Is it rigid or not? Geometric rigidity in shells and frameworks
Presenter
April 9, 2025
Event: Geometry of Materials
Abstract
Whether a framework is rigid depends not only on counting constraints and freedoms, but also on the particular geometry of the framework. Some frameworks are flexible despite being over-constrained, but there are also special configurations in even the most pedestrian frameworks that are rigid despite being under-constrained or that show branched configuration spaces. This second set of special cases turn out to be ubiquitous and surprisingly easy to find.
In continuum shells, there is also a relationship between self-stresses and isometries - deformations that do not stretch the shell - but this relationship seems even murkier. First, I will exhibit a very general one-to-one correspondence between self-stresses and isometries of a shell that shows - perhaps unsurprisingly - that the boundaries of the shell have a lot to say about the shell’s rigidity.

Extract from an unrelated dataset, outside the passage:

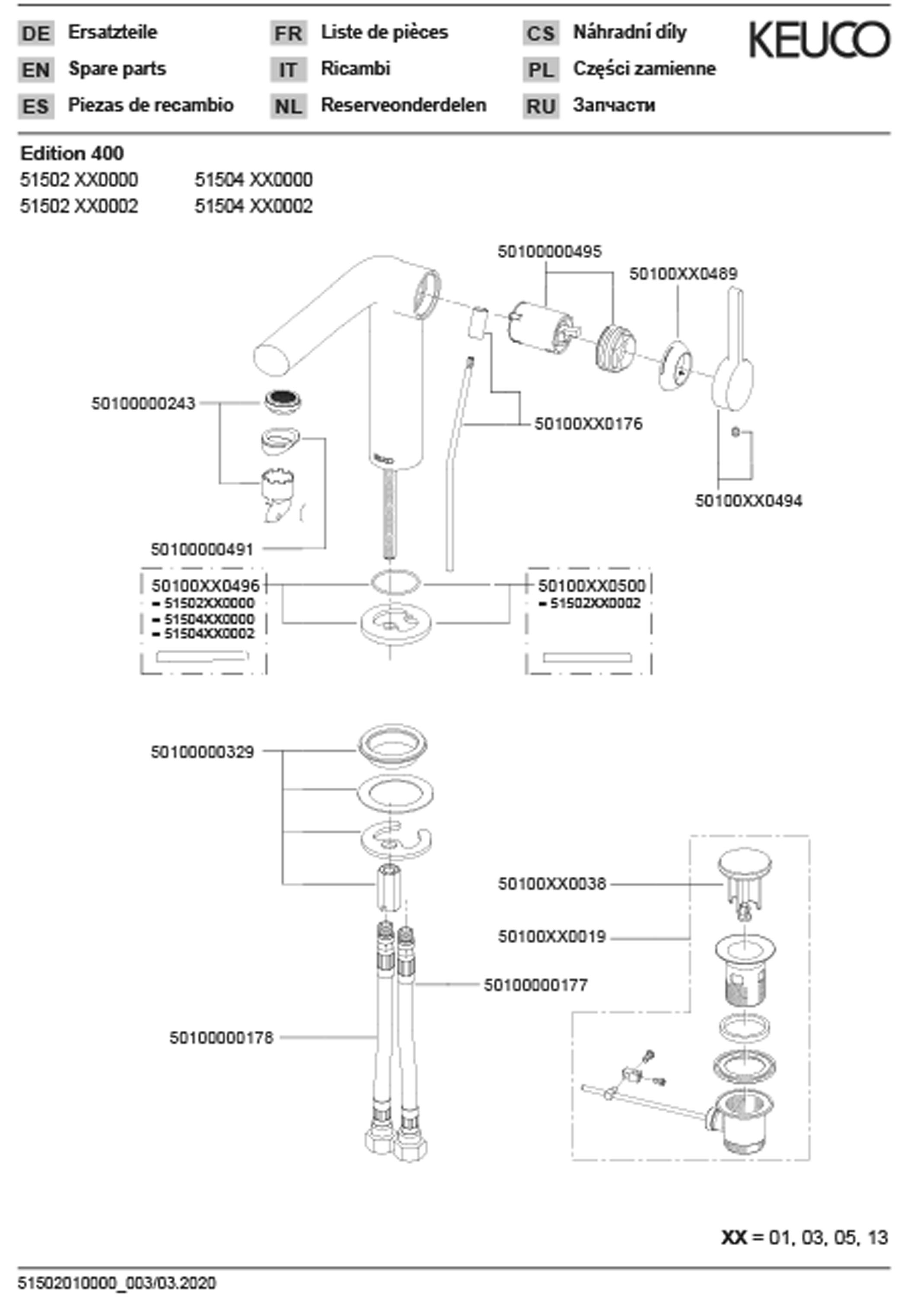 1-hendel wastafelmengkraan 120 trekstang afvoergar. 51504030002 KEUCO
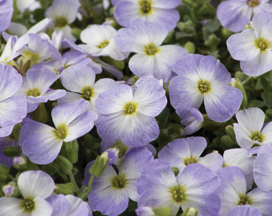 Семена обриеты изящной Blue Blush Bicolor принадлежат к одному из самых красивых сортов. В конце весны — начале лета тонкие, распростертые стебли этого растения покрываются небольшими цветочками двухцветной окраски. От края лепестков к середине цвет перетекает от сиренево-голубого к белому. Сердцевинка желтая. Из-за обилия цветочков листья практически не видны. Высевают семена бриеты изящной Blue Blush Bicolor в легкую, хорошо дренированную известковую почву. Места для выращивания кустика подходят солнечные или частично затененные. Высота растения обычно не превышает 15 см.

Finally, I will discuss an example of a family of twisted, elastic minimal surfaces where the shell’s topology does control its global rigidity. When a shell has suitable bending prestresses, it can develop a mode that, modulo imperfections, cost no energy to actuate. It turns out that the rigidity depends on the number of half-twists: an odd number is always rigid (because of nonorientability), but zero and two half-twists are also rigid through a completely distinct mechanism.
I will not draw any conclusions but I do hope to draw your attention to how the continuum and discrete problems may be related.